In 2015 the population of London reached 8.6 million - the highest on record since 1939
 
POPULATION PRESSURES

London has seen large increases in its population over the last 20 years. The city reached 8.6 million residents in 2015, and is set to continue its rapid growth - by 2025 London’s population is projected to grow by over one million people. This has far-reaching implications on all property in the capital and, in particular, housing. With the number of new homes being built already behind most measures of need, we will need a step change in housing supply to keep up.

Official government population projections are the foundation of planning just how many homes we need. Forecasting population is very tricky and, more often than not, those projections are lower than the reality. The 2011 census found 105,000 more people living in London than had been forecast in the 2010 based population projections. This theme continues in more recent projects, with consistent under forecasting. 

The impact of London’s growing population is further exaggerated by an equally important component – household size. The size of households in the UK has been falling for several decades and London is no different. This is due to a complex mix of demographic factors, and pressure on the space available in existing stock is increasing, driven both by our tendency to want more space as we get wealthier as well as cultural and lifestyle changes.

The 2011 census, however, actually showed that London household size bucked that trend and increased slightly. The affordability pressures in London, that have in most instances been exacerbated in recent years, have seen one of the few flexors moving to cope with high prices. While a buyer or renter cannot often change the price of their home, they can opt for a smaller property or club together with friends and family to afford the home they want to live in. Affordability pressures have also delayed the formation of new households. There has been a sharp increase in the number of 20 – 34 year olds living with parents in recent years.

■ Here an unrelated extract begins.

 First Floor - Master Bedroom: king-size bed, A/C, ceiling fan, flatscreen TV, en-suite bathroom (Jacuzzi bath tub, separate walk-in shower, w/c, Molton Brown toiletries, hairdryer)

Larger households are also a feature of the private rented sector (PRS) as available space is used more intensively to keep costs down. The PRS, by its nature, is more efficient in using space than owner occupied. Rising costs of housing for all tenures has led to more ‘hutching up ‘ in rented homes. If household sizes across all tenures in London were similarly large, the effect on housing need would be significant. We estimate that we would only need to be building 18,000 homes per year to accommodate the growing population. While shifting household size can adapt to affordability constraints, we should be aiming for a city whose residents can afford their own private space.

 
SETTLING ON A FIGURE
House building in the capital did not keep up with the growing population throughout the 2000s. Part of the challenge for a healthier housing market is building enough to make up for the shortfall from the past, closing the gap between how many homes were built and how many were needed. At 2015, we estimate that there is currently a shortfall of 45,000 homes – that is more than double the number of homes built in 2014.

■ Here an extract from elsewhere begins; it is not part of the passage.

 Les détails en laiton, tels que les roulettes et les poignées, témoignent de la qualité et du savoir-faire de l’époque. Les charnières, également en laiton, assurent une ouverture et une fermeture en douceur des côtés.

So, how many homes does London need to house its growing and changing households? This largely depends on what type of London we would like in the next decade. For a city that would accommodate its population in a similar vein as today, we would need to build at least 46,000 homes each year. But for a more aspiring future, one where we have a rich mix of housing to deal with a global city’s ever changing needs, we would need to be far more ambitious and build 79,000 homes each year.

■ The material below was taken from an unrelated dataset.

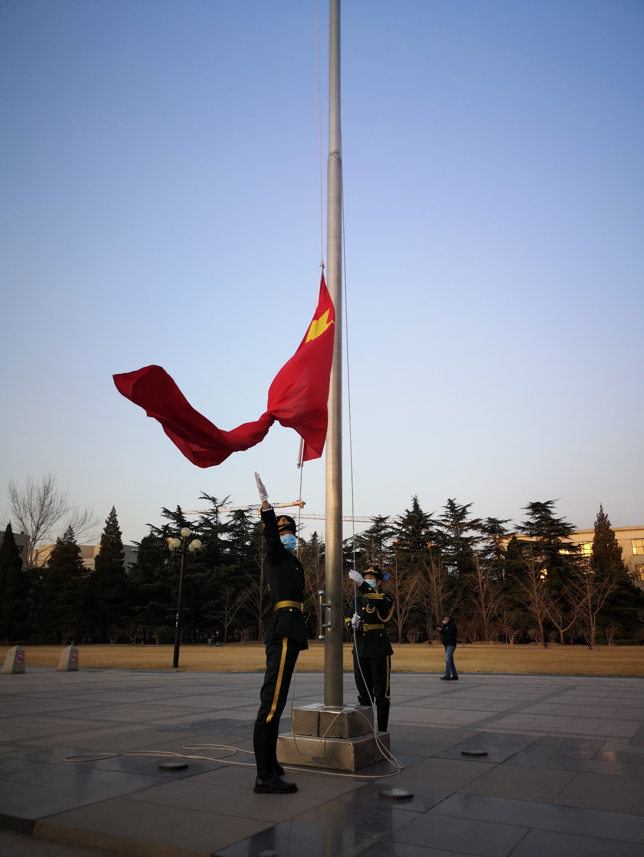 依照《中华人民共和国国旗法》的规定和学校的安排,除寒假假期外,每天都升降国旗,这一工作平时是由国旗仪仗队的同学们完成的。国旗仪仗队目前有六十余名队员,全队分为七组,分别负责周一到周日的升降旗。受疫情影响,在队队员们都无法返校。曾在队两年半的材料学院大四学生经求是寒假期间没有离校,此时,他承担起了这支队伍的责任。为了保证国旗的正常升降,经求是几乎每天都会来到主楼前执行升旗任务或作指导。在这段时间里,他执行任务的次数甚至快赶上了在队期间的总次数,对此他无怨无悔——他始终认为,自己作为一名仪仗队员,应当在这种时候站出来。

Both these figures are higher than the 42,000 homes that the Greater London Authority (GLA) current strategy suggests. Those figures are based on London’s capacity to build as evidenced in the Strategic Housing Land Availability Assessment rather than the full scale of need. The Strategic Housing Market Assessment, which is a better representation of need as it takes into consideration household growth, suggests the housing requirement is more in the region of 62,000 homes each year.